Then first I knew
the delight of being lowly; of saying to myself, “I am what I am, nothing
more.” “I have failed,” I said, “I have lost myself—would it had been my
shadow.” I looked round: the shadow was nowhere to be seen. Ere long, I learned
that it was not myself, but only my shadow, that I had lost. I learned that it
is better, a thousand-fold, for a proud man to fall and be humbled, than to
hold up his head in his pride and fancied innocence. I learned that he that
will be a hero, will barely be a man; that he that will be nothing but a doer
of his work, is sure of his manhood. In nothing was my ideal lowered, or
dimmed, or grown less precious; I only saw it too plainly, to set myself for a
moment beside it.

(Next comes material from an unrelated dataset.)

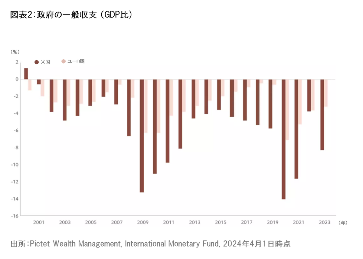 2024年11月の米大統領選の結果は、民主党と共和党が、貿易、移民、外交等について異なる政策を掲げていることから、今後数年間の経済環境を左右する可能性が大きいと考えます。二人の大統領候補のどちらが選ばれても、中国に対しては強硬な姿勢を貫くことが予想されますが、トランプ氏が関税の強化に訴えると思われるのに対し、ハリス氏は、投資の拡大や先端技術に係る規制の強化に重点を置くことを表明しています。トランプ氏の外交政策や移民政策はハリス氏の政策とは大きく異なり、インフレに大きな影響を及ぼす公算が大きいと思われます。どちらが選ばれても、巨額の政府債務や利払いの増加を受けて、財政収支は大幅な悪化が見込まれますが(図表2)、実態を伴った財政再建を行うとの政治的意思は、どちらの側にもほとんど見受けられません。

Indeed, my ideal soon became my life; whereas, formerly, my
life had consisted in a vain attempt to behold, if not my ideal in myself, at
least myself in my ideal. Now, however, I took, at first, what perhaps was a
mistaken pleasure, in despising and degrading myself. Another self seemed to
arise, like a white spirit from a dead man, from the dumb and trampled self of
the past. Doubtless, this self must again die and be buried, and again, from
its tomb, spring a winged child; but of this my history as yet bears not the
record.
Self will come to life even in the slaying
of self; but there is ever something deeper and stronger than it, which will
emerge at last from the unknown abysses of the soul: will it be as a solemn
gloom, burning with eyes? or a clear morning after the rain? or a smiling
child, that finds itself nowhere, and everywhere?